Le retournement date d’environ 1515. Avant, Luther comprenait qu’on devenait juste en faisant le bien par ses œuvres, la générosité, etc. mais se sentait toujours soumis au péché, à l’envie, etc. Par ailleurs il observait que l’Eglise avec les indulgences s’arrogeait le droit de dire les bonnes œuvres qui l’arrangeait.
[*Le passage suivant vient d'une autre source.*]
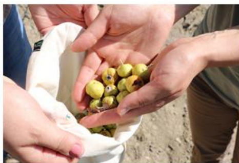
Figures 2, 3: NSB team members assessing the population of target species - Eversmannia subspinosa (DC.) B.Fedtsch. in Vashlovani Nature Reserve, Eastern Georgia (left). Collection process of Caucasian endemic pear species Pyrus takhtadzhianii Fed. in Eastern Georgia (right).

Progressivement il réalise que la justice est plus vaste, autre, difficile à saisir dans son ensemble, parce que divine, mais que Paul suggère qu’on est juste si on a la foi, parce qu’on participe à l’œuvre de Dieu.  Cette nouvelle signification découverte effacera les tourments du moine scrupuleux, ses crises de désespoirs, et lui donnera une vigueur nouvelle qui ne le quittera plus.

A noter que William James, l’un des trois fondateurs du pragmatisme américain eut semblablement une crise dépressive grave qui dura plus d’un an, avant de se tourner vers la philosophie, et dont il sortit, de son propre aveu, grâce à la lecture de Luther dont il dit qu’il « fut le premier moraliste à entamer effectivement la carapace de cette confiance en soi naturaliste, considérant, peut-être avec raison, que Saint Paul l’avait déjà fait. L’expérience religieuse de type luthérien conduit tous nos critères naturalistes à la faillite. »

Il me semble que par le choix d’un langage possible pour être entendu et accepté par les Chrétiens et les occidentaux aujourd’hui le pape nous dit que nous sommes entrés dans une ère nouvelle où c’est l’œuvre qui compte réellement.